◆ What you should do ◆
Exclude the pictures; give every entry again exactly as written.

Entries shown section start

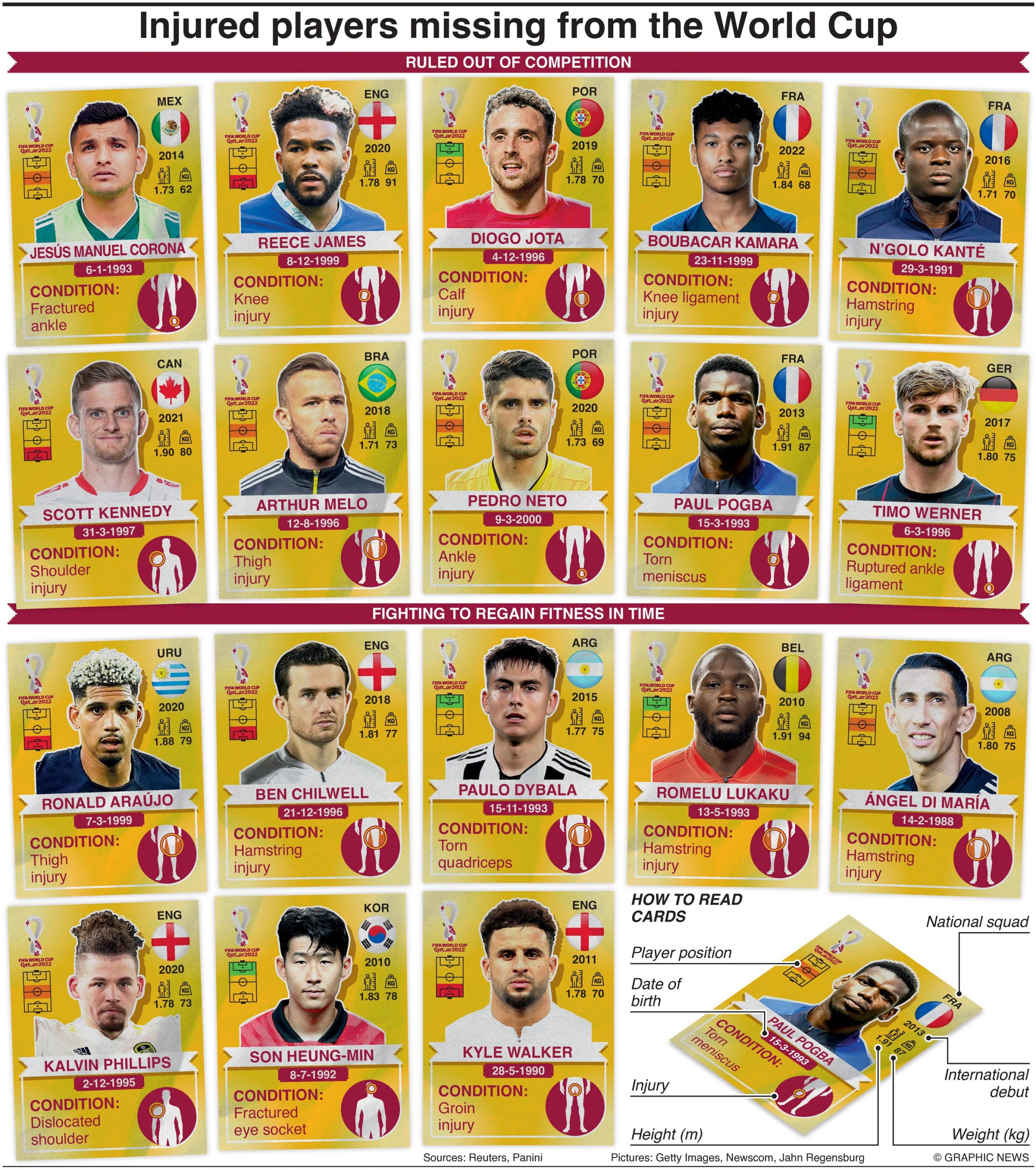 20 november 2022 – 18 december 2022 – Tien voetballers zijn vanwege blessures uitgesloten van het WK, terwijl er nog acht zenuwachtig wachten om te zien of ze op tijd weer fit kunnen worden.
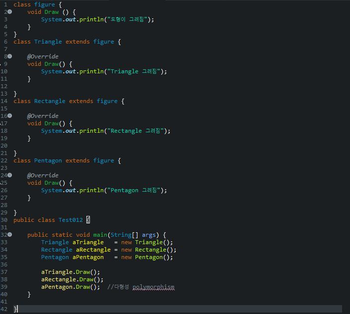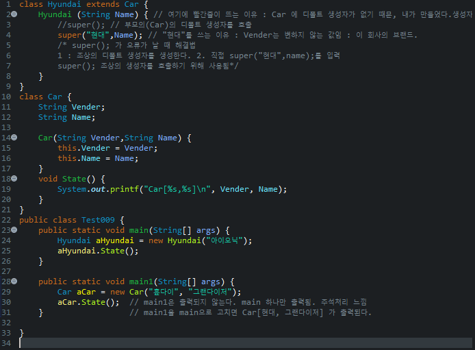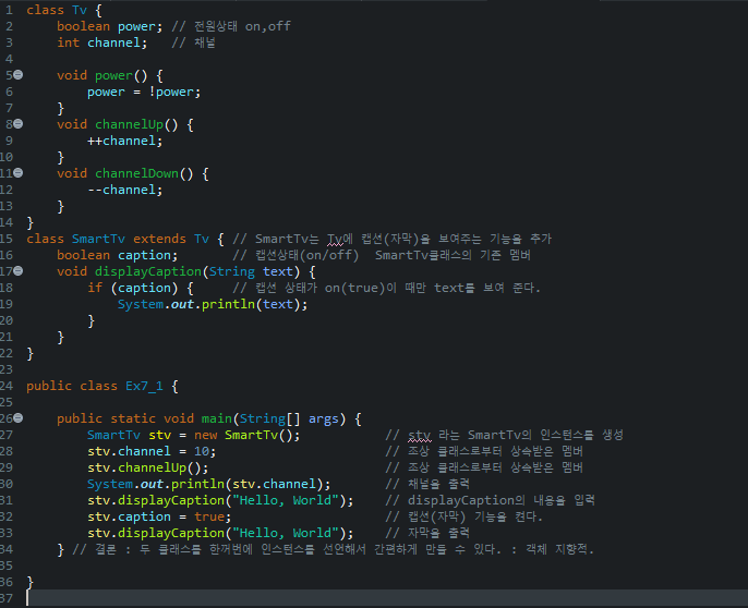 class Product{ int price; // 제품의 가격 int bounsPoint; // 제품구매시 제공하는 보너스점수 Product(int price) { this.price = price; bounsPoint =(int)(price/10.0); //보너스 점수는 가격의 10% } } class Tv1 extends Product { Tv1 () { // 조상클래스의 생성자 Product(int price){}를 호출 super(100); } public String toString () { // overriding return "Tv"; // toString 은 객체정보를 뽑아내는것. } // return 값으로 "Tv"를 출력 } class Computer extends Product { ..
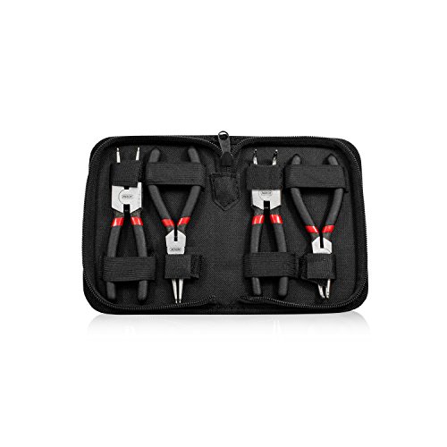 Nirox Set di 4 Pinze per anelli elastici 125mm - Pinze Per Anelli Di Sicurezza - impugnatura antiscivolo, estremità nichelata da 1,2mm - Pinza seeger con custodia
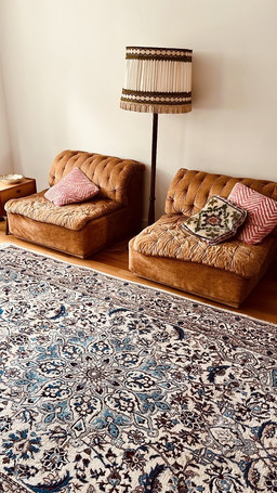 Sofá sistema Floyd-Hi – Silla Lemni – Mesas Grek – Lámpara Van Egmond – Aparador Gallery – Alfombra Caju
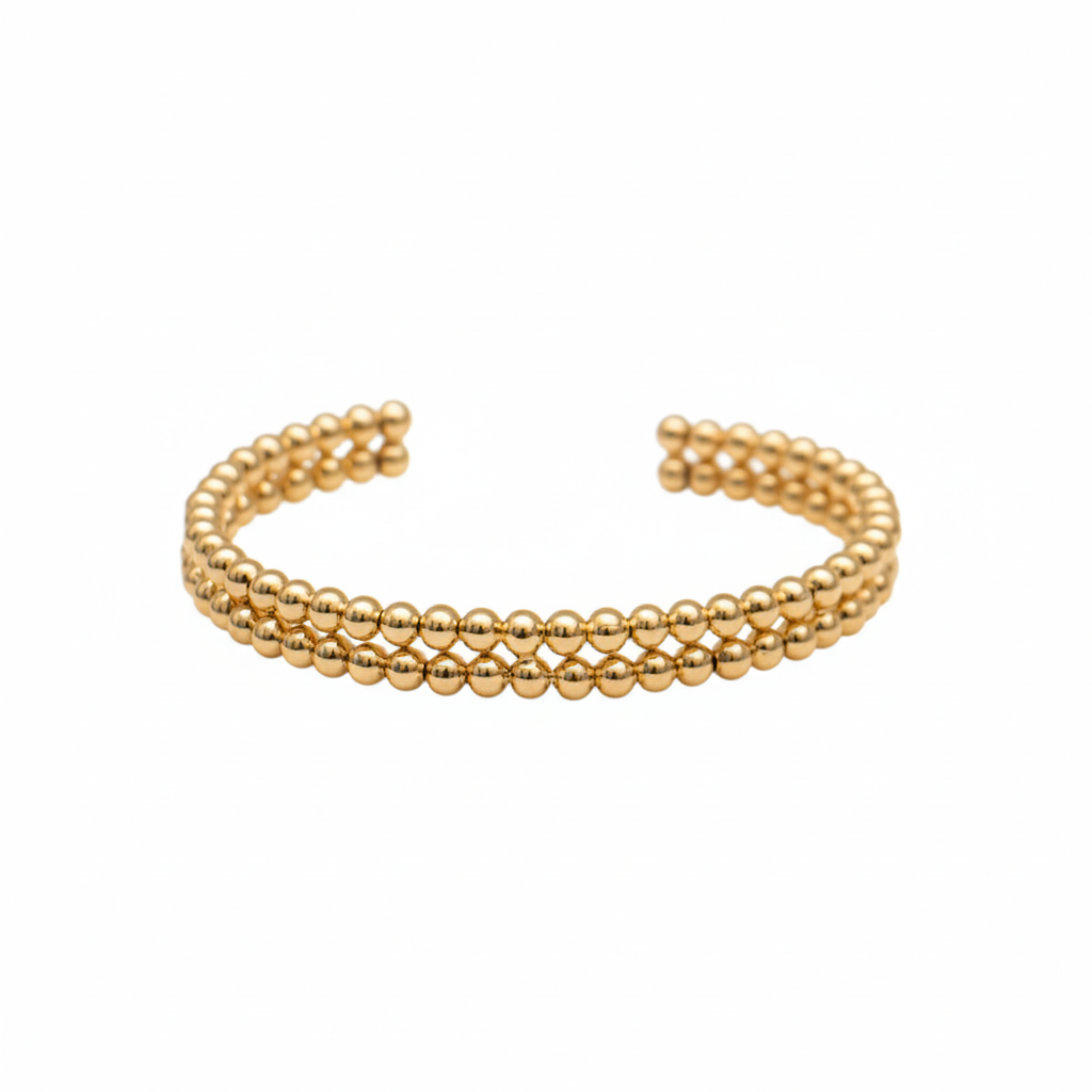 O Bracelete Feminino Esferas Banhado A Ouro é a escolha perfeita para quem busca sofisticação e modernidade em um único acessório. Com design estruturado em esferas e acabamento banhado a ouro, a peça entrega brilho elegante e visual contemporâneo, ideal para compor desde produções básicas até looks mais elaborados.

Entries shown section end

◆ Written response ◆
 20 november 2022 – 18 december 2022 – Tien voetballers zijn vanwege blessures uitgesloten van het WK, terwijl er nog acht zenuwachtig wachten om te zien of ze op tijd weer fit kunnen worden.
 class Product{ int price; // 제품의 가격 int bounsPoint; // 제품구매시 제공하는 보너스점수 Product(int price) { this.price = price; bounsPoint =(int)(price/10.0); //보너스 점수는 가격의 10% } } class Tv1 extends Product { Tv1 () { // 조상클래스의 생성자 Product(int price){}를 호출 super(100); } public String toString () { // overriding return "Tv"; // toString 은 객체정보를 뽑아내는것. } // return 값으로 "Tv"를 출력 } class Computer extends Product { ..
 Nirox Set di 4 Pinze per anelli elastici 125mm - Pinze Per Anelli Di Sicurezza - impugnatura antiscivolo, estremità nichelata da 1,2mm - Pinza seeger con custodia
 Sofá sistema Floyd-Hi – Silla Lemni – Mesas Grek – Lámpara Van Egmond – Aparador Gallery – Alfombra Caju
 O Bracelete Feminino Esferas Banhado A Ouro é a escolha perfeita para quem busca sofisticação e modernidade em um único acessório. Com design estruturado em esferas e acabamento banhado a ouro, a peça entrega brilho elegante e visual contemporâneo, ideal para compor desde produções básicas até looks mais elaborados.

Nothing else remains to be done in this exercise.